Your task →
In the entries that follow, repeat exactly the lines from the one that has "extra columns ‘Image" through the one that has "OSAKA sto je", but omit pictures.

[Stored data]
----

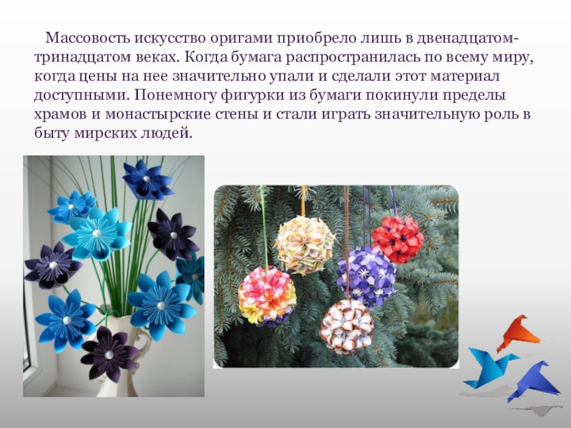 Слайд 8 Массовость искусство оригами приобрело лишь в двенадцатом-тринадцатом веках. Когда
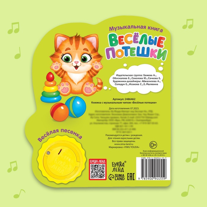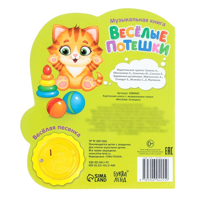 Страницы книги выполнены из плотного картона. Музыкальный чип работает от батареек, входят в комплект. Продолжительность песенки: 20–25 секунд.
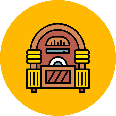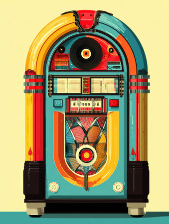 A vintage jukebox stands prominently, showing its bright yellow, red, and blue color scheme, along with intricate details and a nostalgic aesthetic.
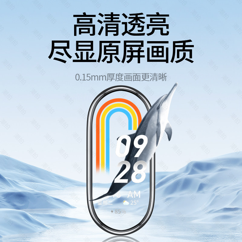 适用小米手环9保护膜小米8nfc版智能手表7小米手环七八九代表盘膜屏幕贴膜钢化全屏全包防摔小米手环9代
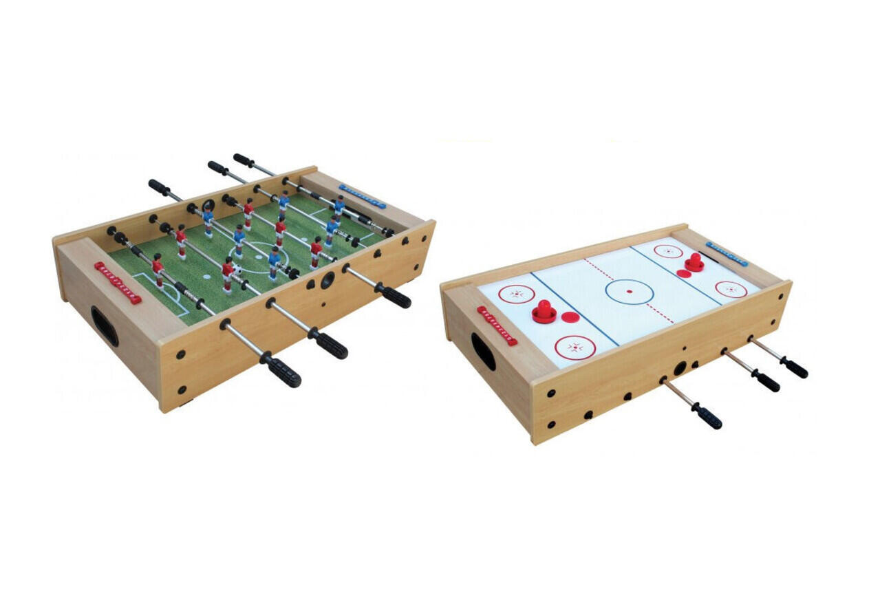 The F-Mini 2 in 1 Foosball and Air Hockey table is specially designed for younger children. It offers the possibility to play foosball and air hockey on the floor or on a dining table. The game table is suitable for children up to 8 years old and is ideal for training eye-hand coordination and improving reaction time. Enjoy hours of fun with friends and family during a little tournament!
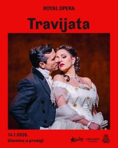 Čuvena Verdijeva opera „Travijata“ u izvođenju Kraljevske opere i baleta (Royal Ballet & Opera) prikazuje se uživo iz Londona 14.1.2026. u 19.45h u bioskopima u Srbiji: Concept Cinema u Beogradu i CineStar u Novom Sadu.
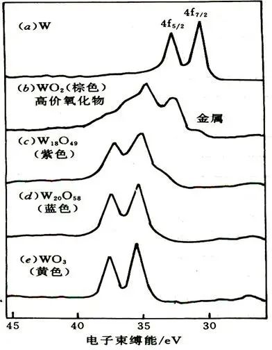 W的氧化数增加,更多价电子转移到O离子,4f电子的束缚能移向较高能量。
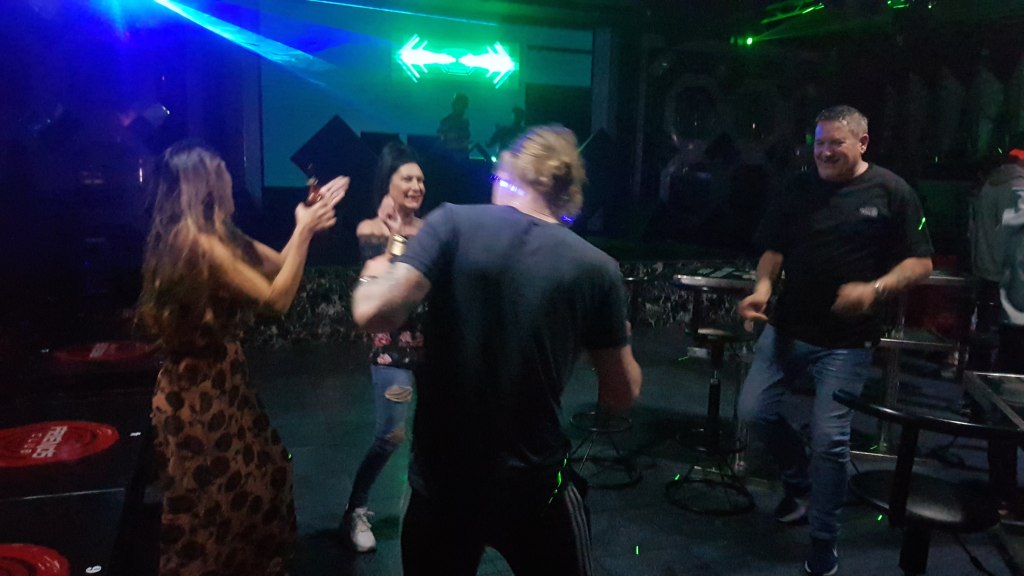 This special night also gave us another highlight. Alan, my mums partner, burst into life like an overcharged duracell once he’d had a few. He danced all night long, and his moves weren’t that bad. At one point, he even ventured onto the stage. Wanting to back him up (feeling sorry for him), I joined him for a brief moment or two, before the embarrassment was just too much.
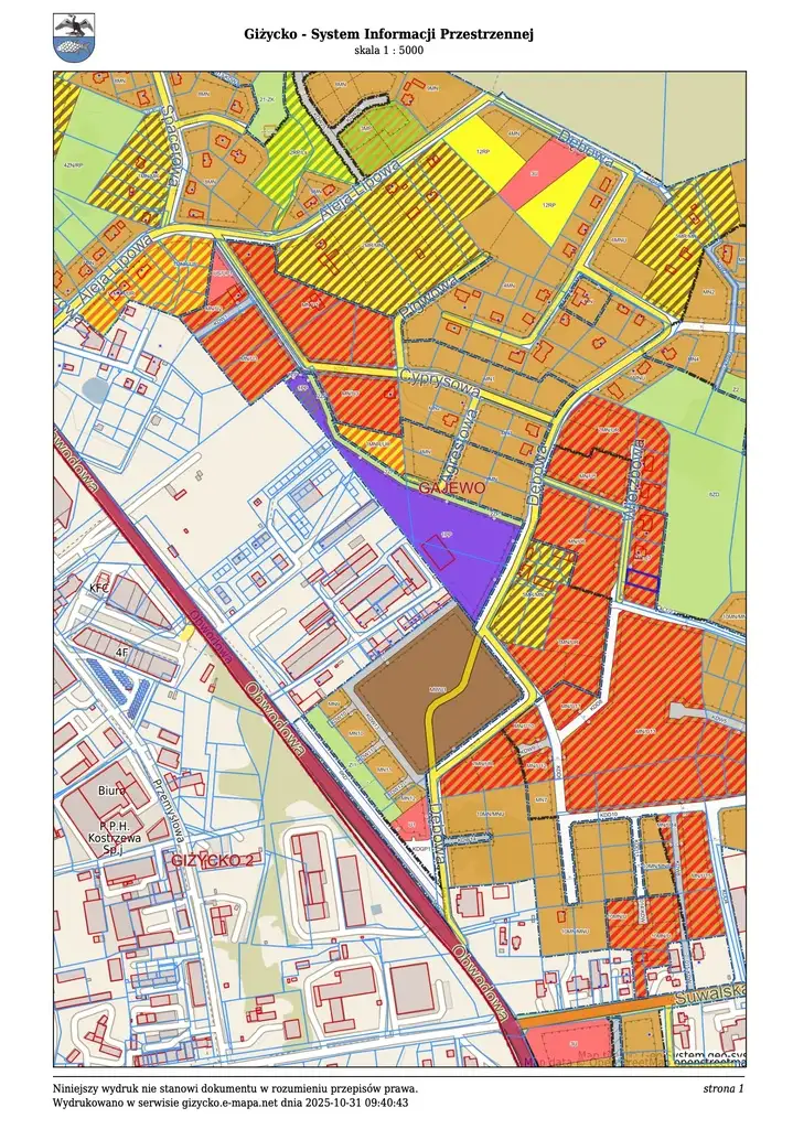Nieruchomość jest objęta miejscowym planem zagospodarowania przestrzennego dla części obrębu geodezyjnego Gajewo po wschodniej stronie ul. Węgorzewskiej, gmina Giżycko zatwierdzonym Uchwałą Nr XLII/445/2021 z dnia 30 grudnia 2021 roku, ogłoszoną w Dzienniku Urzędowym Województwa Warmińsko – Mazurskiego, poz. 962 z dnia 01 marca 2022 roku. Zgodnie z powyższym planem przeznaczona jest pod teren zabudowy mieszkalnej jednorodzinnej z dopuszczeniem usług, oznaczony symbolem MN/U7.
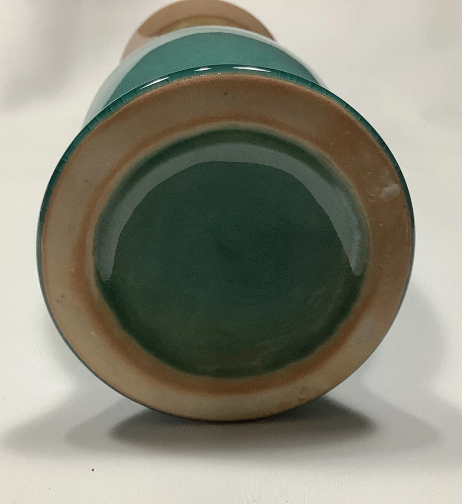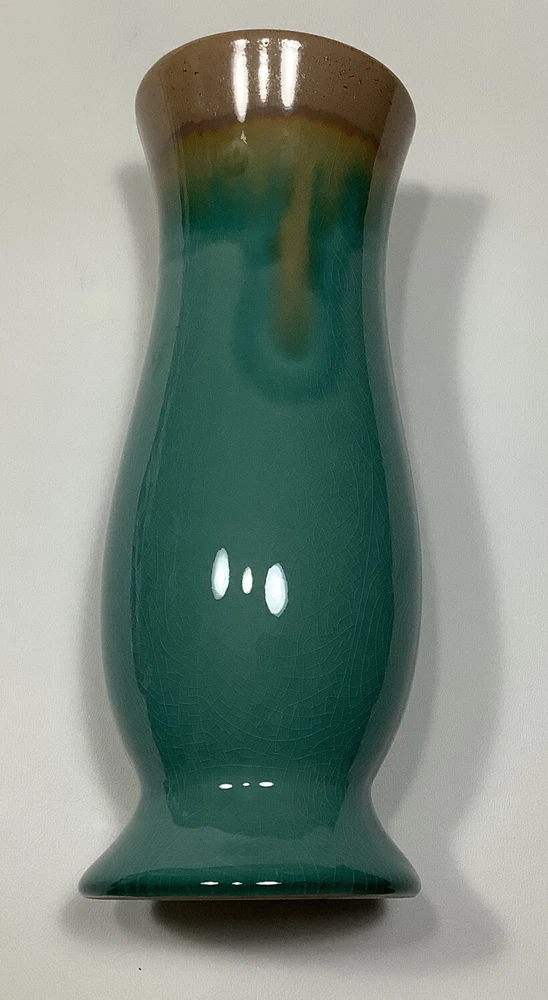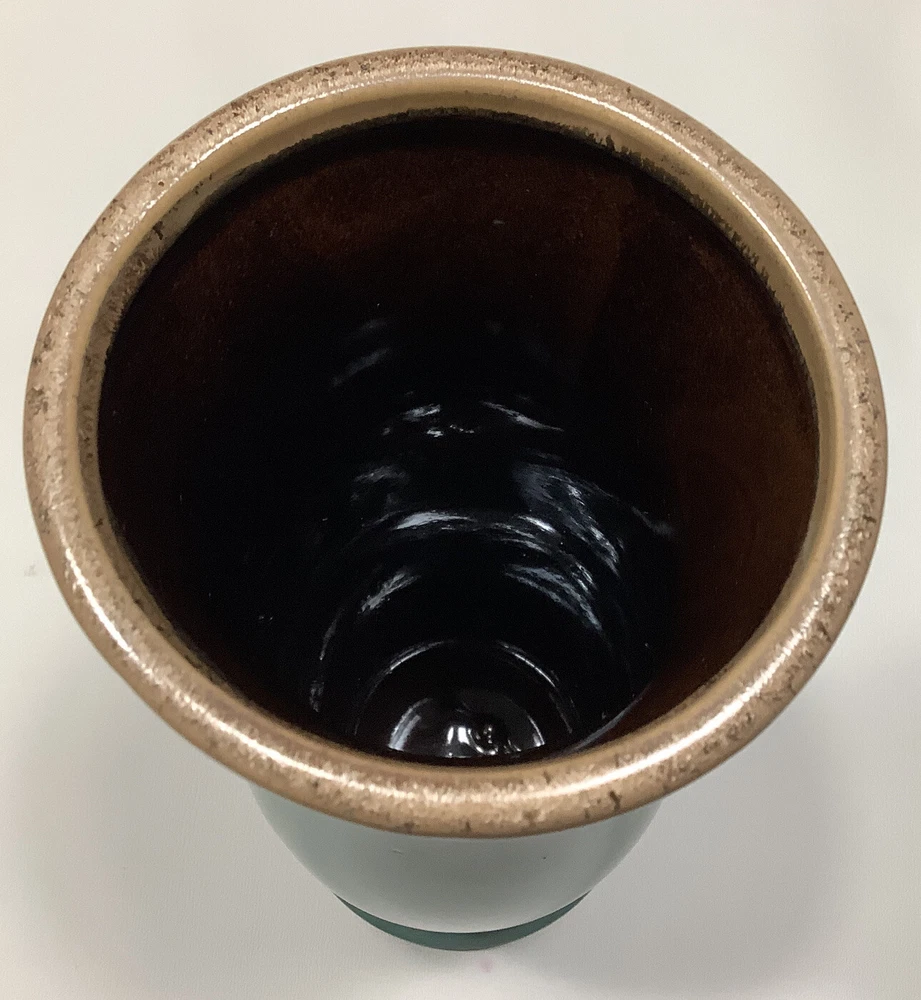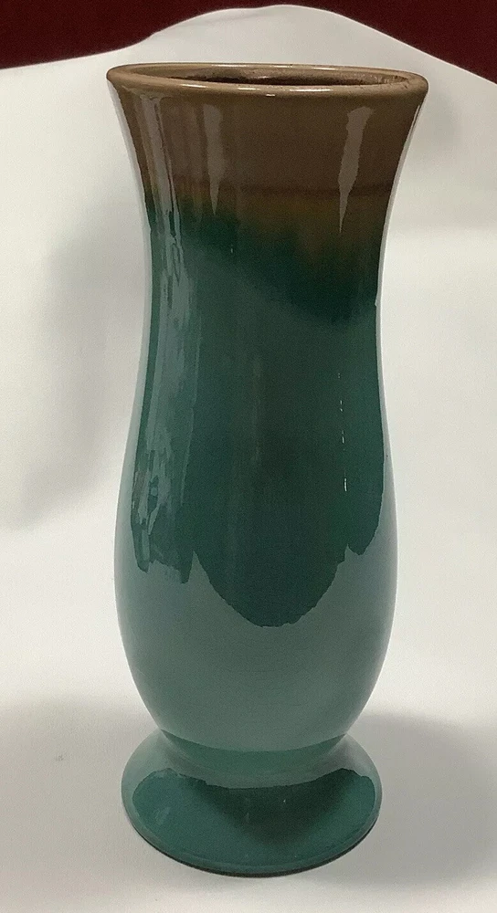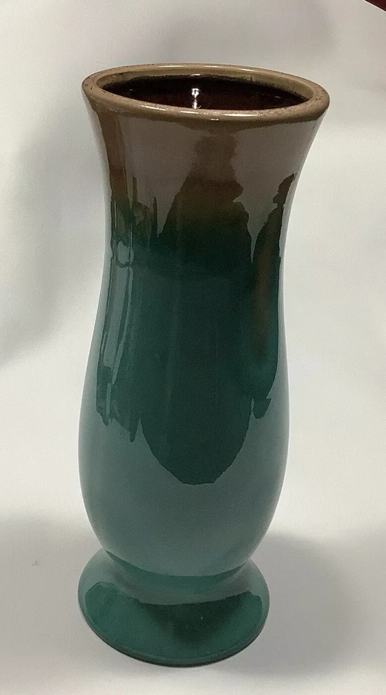 ceramic vase, vintage, pedestal with a band of tan drip around open end, no brand. Smooth surface, no cracks, ships or crazing. Interior is dark brown glaze and it sparkles. Size: 10”H x3-3/4”D This vase will enhance any space you wish, add floral arrangement or not. Thank you for viewing!
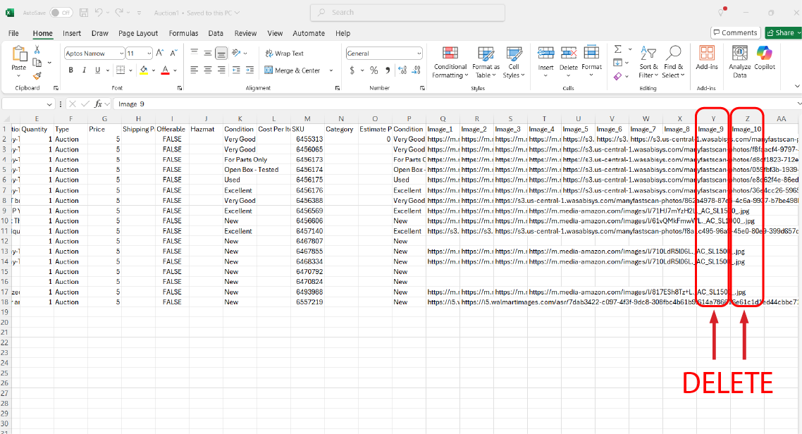 extra columns ‘Image URL 9’ and ‘Image URL 10’ – Delete these columns from your
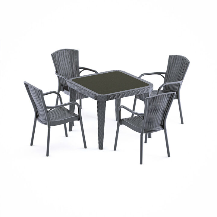 OSAKA sto je savršen izbor za sve spoljašnje prostore, izrađen od polipropilena pokrivenog peskiranim staklom visokog kvaliteta. Ovaj sto se odlikuje teksturom ratana, koja mu daje sofisticiran i elegantan izgled, dok istovremeno osigurava izdržljivost i otpornost na sve vremenske uslove. Plastične stopice na nogarima omogućavaju stabilnost i sprečavaju klizanje, čak i na neravnim površinama.
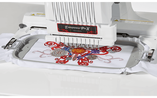 De PR1050X verwerkt met gemak grotere en zwaardere projecten zoals jassen, paardendekens en quilts. Dankzij het grote werkgebied en het ruime aanbod borduurramen en -frames kunt u borduren op nagenoeg ieder kledingstuk of iedere stof. Bovendien kunt u met tien naalden, tien verschillende garenkleuren gebruiken zonder ze te vervangen. Met de PR1050X kunt u oneindig veel artikelen voorzien van de meest prachtige borduurpatronen.
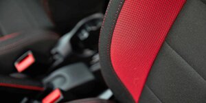 • Отделка руля, чехла КПП кожей с красной отстрочкой
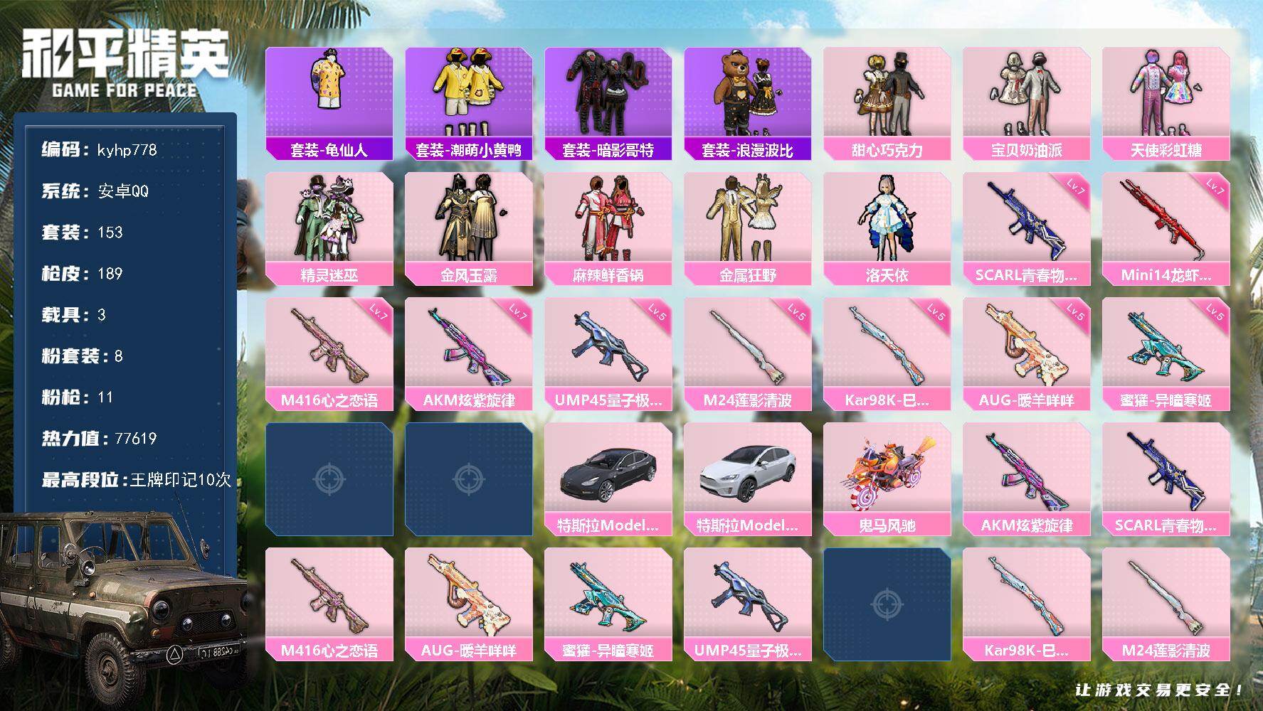 [17344166]安卓 手Q-8粉装-11特效枪-3载具-4粉色飞行器-77619热力值-10王牌印记-153套装-189枪皮 【热门品类】:套装-龟仙人,套装-潮萌小黄鸭,套装-暗影哥特,套装-浪漫波比 【粉色套装】:粉装-甜心巧克力,粉装-宝贝奶油派,粉装-天使彩虹糖,粉装-精灵迷巫,粉装-金风玉露,粉装-麻辣鲜香锅,粉装-金属狂野,角色-洛天依 【粉色枪皮等级】:AKM-炫紫旋律(七级),SCAR-L-青春物语(七级),M416-心之恋语(七级),AUG-暖羊咩咩(五级),蜜獾-异瞳寒姬(五级),UMP45-量子极限(五级),AKS-74U-森灵之息(五级),Kar98K-巳巳如意(五级),M24-莲影清波(五级),Mini14-龙虾霸霸(七级),Mk14-福马献瑞(五级) 【粉色载具】:特斯拉Model 3(冷光银),特斯拉Model X(珍珠白),鬼马风驰 【粉色枪皮】:AKM-炫紫旋律,SCAR-L-青春物语,M416-心之恋语,AUG-暖羊咩咩,蜜獾-异瞳寒姬,UMP45-量子极限,AKS-74U-森灵之息,Kar98K-巳巳如意,M24-莲影清波,Mini14-龙虾霸霸,Mk14-福马献瑞 【粉色飞行器】:深海曼妙飞行器,精灵迷巫飞行器,炫紫旋律飞行器,心之恋语飞行翼 【粉色降落伞】:深海曼妙降落伞,甜心宝贝降落伞,精灵迷巫降落伞,华贵君王降落伞,星之信仰降落伞,金风玉露降落伞,龙虾霸霸降落伞,炫紫旋律降落伞,神秘黑猫降落伞,甜蜜誓约降落伞,花间之火降落伞,潮汐统领降落伞,莲影清波降落伞,异瞳寒姬降落伞,炫彩糖果降落伞 【稀有套装】:套装-龟仙人,套装-巳巳如意,套装-雪国风尚,角色-月烬之祷 【稀有枪皮】:AKM-四圣焕新,AKM-缤纷海域,AKM-霓虹街区,AKM-龙的传人,M16A4-九霄,M16A4-莲影清波,M16A4-魔法学院,M16A4-龙虾霸霸,SCAR-L-炫彩节奏,SCAR-L-红色方程式,SCAR-L-金风玉露,SCAR-L-龙宫之主,M416-仓鼠灰灰,M416-潮汐统领,M416-神秘黑猫,M416-魔法学院,GROZA-黑色刀锋,AUG-魔法学院,QBZ-九霄,QBZ-原初圣火,QBZ-洛神天依,QBZ-神秘黑猫,QBZ-诡娃娃,M762-拳皇97,M762-深海曼妙,M762-潮萌小黄鸭,M762-牛气冲天,M762-瑞龙福将,M762

----

Task response →
 extra columns ‘Image URL 9’ and ‘Image URL 10’ – Delete these columns from your
 OSAKA sto je savršen izbor za sve spoljašnje prostore, izrađen od polipropilena pokrivenog peskiranim staklom visokog kvaliteta. Ovaj sto se odlikuje teksturom ratana, koja mu daje sofisticiran i elegantan izgled, dok istovremeno osigurava izdržljivost i otpornost na sve vremenske uslove. Plastične stopice na nogarima omogućavaju stabilnost i sprečavaju klizanje, čak i na neravnim površinama.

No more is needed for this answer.